VII - O modelo de prevenção acolhido pelo CP – porque de protecção
de bens jurídicos – determina que a pena deva ser encontrada numa
moldura de prevenção geral positiva e que seja definida e
concretamente estabelecida também em função das exigências de
prevenção especial ou de socialização, não podendo, porém, na feição
utilitarista preventiva, ultrapassar em caso algum a medida da culpa.
Dentro dessa medida de prevenção (protecção óptima e protecção
mínima – limite superior e limite inferior da moldura penal), o juiz,
face à ponderação do caso concreto e em função das necessidades que
se lhe apresentem, fixará o quantum concretamente adequado de
protecção, conjugando-o a partir daí com as exigências de prevenção
especial em relação ao agente (prevenção da reincidência), sem poder
ultrapassar a medida da culpa.
VIII - As imposições de prevenção geral devem, pois, ser
determinantes na fixação da medida das penas, em função da
reafirmação da validade das normas e dos valores que protegem, para
fortalecer as bases da coesão comunitária e para aquietação dos
sentimentos afectados na perturbação difusa dos pressupostos em que
assenta a normalidade da vivência do quotidiano.

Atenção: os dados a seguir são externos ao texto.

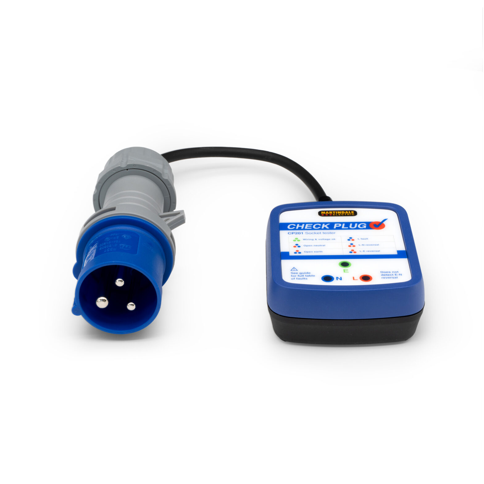 The Martindale CP201-16A is a socket tester for industrial single-phase sockets identifying up to 28 fault conditions.
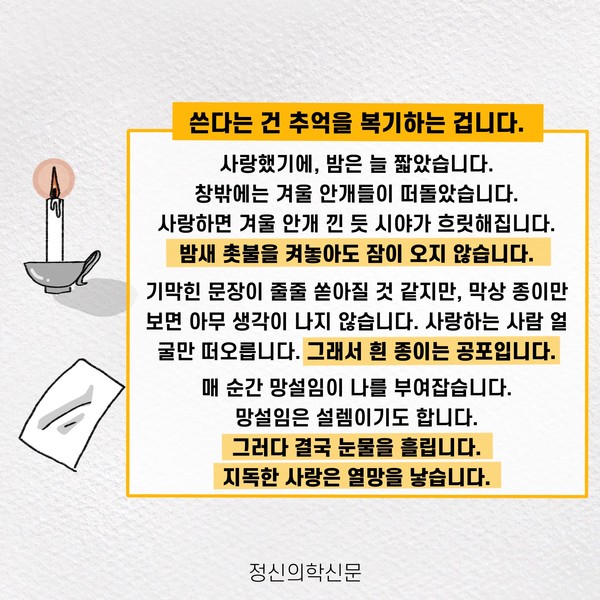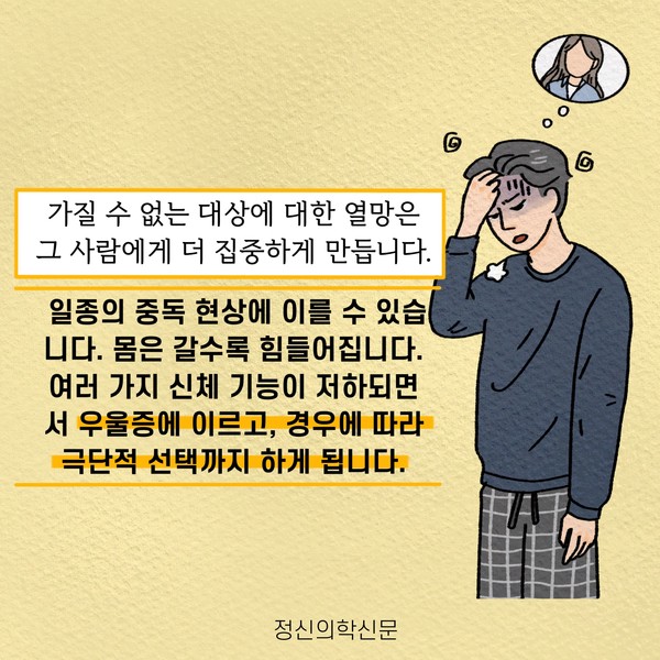 추천 뉴스 매 맞는 여성 증후군 - 사랑이라는 이름의 폭력이 남기는 상처 얼만큼 운동해야 우울증을 예방할까? 약만으로 부족할 때, 우울증에 효과적인 운동은 이것입니다 영웅의 숨겨진 아픔 - 소방관 트라우마 불안이 쉽게 사라지지 않는 뇌과학적 이유 [신간소개] 당신의 상처는 사적이지 않다 수면다원검사를 꼭 받아봐야 하는 사람 (Part 3)

IX - Porém, tais valores determinantes têm de ser coordenados, em
concordância prática, com outras exigências, quer de prevenção
especial de reincidência, quer para confrontar alguma responsabilidade
comunitária no reencaminhamento para o direito, do agente do facto,
reintroduzindo o sentimento de pertença na vivência social e no
respeito pela essencialidade dos valores afectados.
X - As circunstâncias factuais determinativas da aplicação do direito e
da medida concreta da pena são apenas aquelas que constam da decisão
em matéria de facto – matéria de facto provada – e não a
instrumentalidade fáctica em que eventualmente se apoiasse o
raciocínio ponderativo dos julgadores para firmarem a sua convicção,
mas não referenciada ou acolhida na decisão da matéria de facto
apurada.
XI - Valorando, no caso em apreço:
- o grau de ilicitude do facto – o mais elevado, pois que a violação do
direito à vida é o bem primeiro, o suporte de todos os bens da tutela
jurídica;
- o modo de execução – através de uso de uma faca de cozinha;
- a gravidade das consequências – atinentes à quantidade, natureza e
características das lesões que directa e necessariamente produziram a
morte;
- a intensidade do dolo – específico, pois que o arguido quis atingir a
sua ex-companheira, de forma a retirar-lhe a vida, desiderato que
logrou alcançar;
- os sentimentos manifestados no cometimento do crime –
comportamento possessivo demonstrado pelas palavras proferidas antes
de vibrar as facadas na vítima “já que não és para mim, não és para
mais ninguém”; indiferença ostensiva pela vida da vítima com quem
tinha vivido como marido e mulher durante dez anos, havendo dois
filhos dessa relação;
- os motivos e fins determinantes – agiu na sequência de uma discussão
entre ele e a vítima sobre o relacionamento entre ambos, insatisfeito e
desagradado por ela não se dispor a reatar a vida em comum;
- a condição pessoal e económica – o arguido tem 50 anos de idade, a
4.ª classe e a profissão de marceneiro,
- a conduta anterior e posterior ao facto – do seu certificado de registo
criminal nada consta;
- a falta de preparação para manter conduta lícita – embora venha
provado que apresenta a nível cognitivo um resultado inferior ao da
média; em provas de natureza verbal, apresentou valores bastante
baixos, o que “pode condicionar a capacidade de utilizar o juízo
prático, o grau de interiorização da cultura social e consciência de
sentido moral e ainda limitar o contacto com o ambiente”, com
“tendência para apelar a factores emocionais, dificultando a adaptação
a situações sociais”; “pouca capacidade de controlo quando
confrontado com situações geradoras de cargas elevadas de stress e/ou
ansiedade”, com “probabilidade significativa” de ocorrerem
comportamentos anormais ou impulsivos; tem tendência para reagir
emotivamente, com agressividade e impulsividade; não tem
interiorizado pacificamente a vida de recluso; apesar de tudo, é
considerado pacato, educado e profissional competente,
a pena aplicada de 18 anos de prisão não se revela injusta, nem
desproporcional ou contrária às regras da experiência.